MySQL determines whether it is a sorting algorithm by comparing the size of the system variable max_length_for_sort_data with the total size of the fields retrieved by the Query statement. If max_length_for_sort_data is larger, then the second optimized algorithm is used; otherwise, the first one is used.

You can appropriately increase the sort_buffer_size and max_length_for_sort_data system variables to increase the size of the sorting area and improve sorting efficiency.

img

5.4 Optimize group by statement

Since GROUP BY actually also performs sorting operations, and compared with ORDER BY, GROUP BY mainly only adds grouping operations after sorting. Of course, if some other aggregate functions are used during grouping, then some calculations of the aggregate functions are also required. Therefore, in the implementation process of GROUP BY, indexes can also be used like ORDER BY.

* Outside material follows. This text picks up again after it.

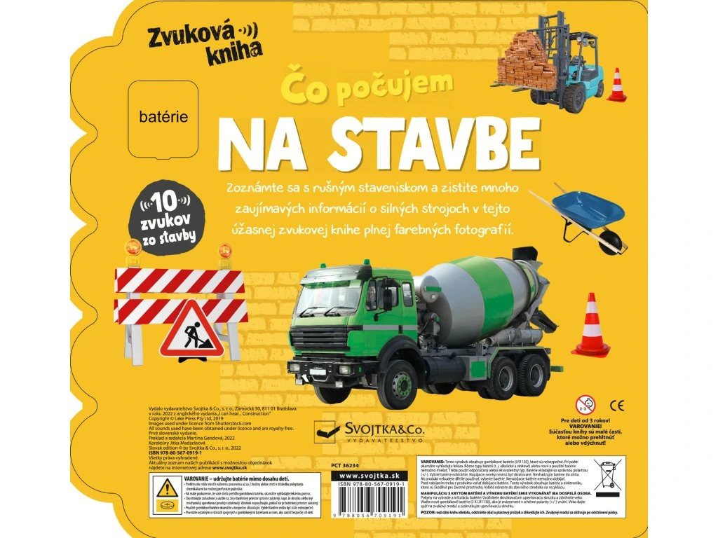 🚧 Objav ruch veľkej stavby aj bez toho, aby si tam musel ísť! 🏗️ Vstúpte do sveta mohutných strojov, dômyselných nástrojov a rušného staveniska s touto zvukovou knižkou, ktorá deti nielen zaujme, ale aj zapojí všetky ich zmysly. Na každej stránke nájdu farebné fotografie skutočných stavebných vozidiel a pri tom si budú môcť vypočuť až 10 autentických zvukov — od hučiacich motorov až po búranie a trúbenie veľkých strojov.

If the query contains group by but the user wants to avoid the consumption of sorted results, they can perform order by null to disable sorting. as follows :

drop index idx_emp_age_salary on emp2;

explain select age,count(*) from emp2 group by age;

img

Optimized

explain select age,count(*) from emp group by age order by null;

img

As can be seen from the above example, the first SQL statement requires “filesort”, while the second SQL statement does not require “filesort” due to order by null. As mentioned above, Filesort is often very time-consuming.

Create index:

create index idx_emp_age_salary on emp(age,salary);

img

5.5 Optimizing nested queries

After Mysql4.1 version, SQL subqueries are supported. This technique allows you to use a SELECT statement to create a single column of query results, and then use this result as a filter condition in another query. Using subqueries can complete many SQL operations that logically require multiple steps to complete at one time. It can also avoid transaction or table locks, and it is also easy to write. However, in some cases, subqueries can be replaced by more efficient joins (JOIN).

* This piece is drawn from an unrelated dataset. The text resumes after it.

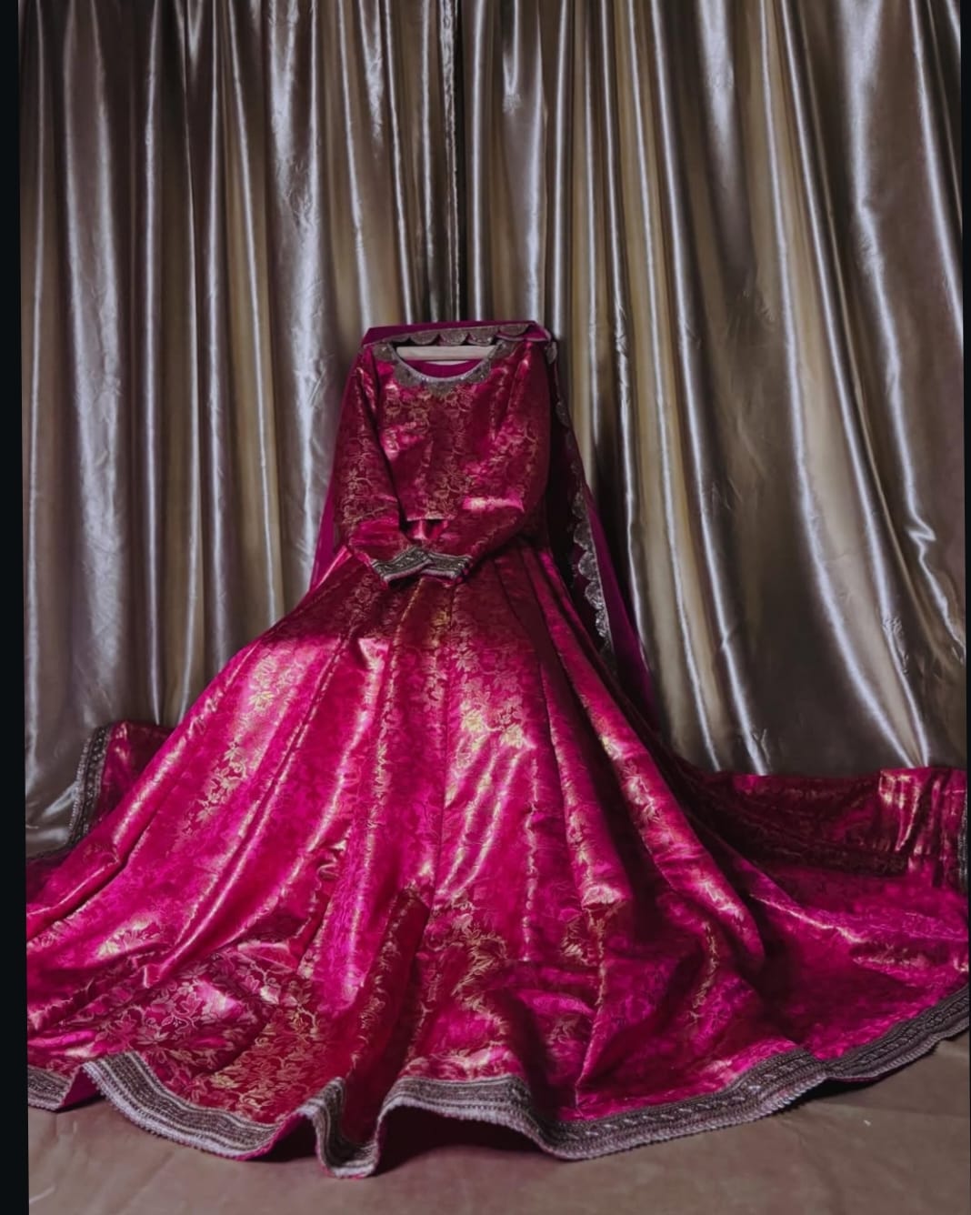 The Wide-Flared Lehenga: A show-stopping, floor-length lehenga crafted from heavy pink Banarasi silk. It is adorned with intricate gold floral and vine motifs woven into the fabric, creating a shimmering effect with every movement. The expansive flare adds a royal touch, making it an ideal choice for grand celebrations.

Example, find all user information with roles:

 explain select * from t_user where id in (select user_id from user_role);

The execution plan is:

img

Optimized :

explain select * from t_user u , user_role ur where u.id = ur.user_id;

img

The reason why join query is more efficient is that MySQL does not need to create a temporary table in memory to complete this logically two-step query.

5.6 Optimize OR conditions

For query clauses containing OR, if you want to use an index, each condition column between OR must use an index, and compound indexes cannot be used; if there is no index, you should consider adding an index.

Get all indexes in the emp table:

img

Example:

explain select * from emp where id = 1 or age = 30;

img

It is recommended to use union instead of or :

img

Let’s compare the important indicators and find that the main difference is type and ref.

type displays the access type, which is a more important indicator. The result values from best to worst are:

system > const > eq_ref > ref > fulltext > ref_or_null > index_merge > unique_subquery > index_subquery > range > index > ALL

The type value of the UNION statement is ref, and the type value of the OR statement is range. You can see that this is a very obvious gap.

The ref value of the UNION statement is const, and the type value of the OR statement is null. Const represents a constant value reference, which is very fast.

The difference between these two items shows that UNION is better than OR.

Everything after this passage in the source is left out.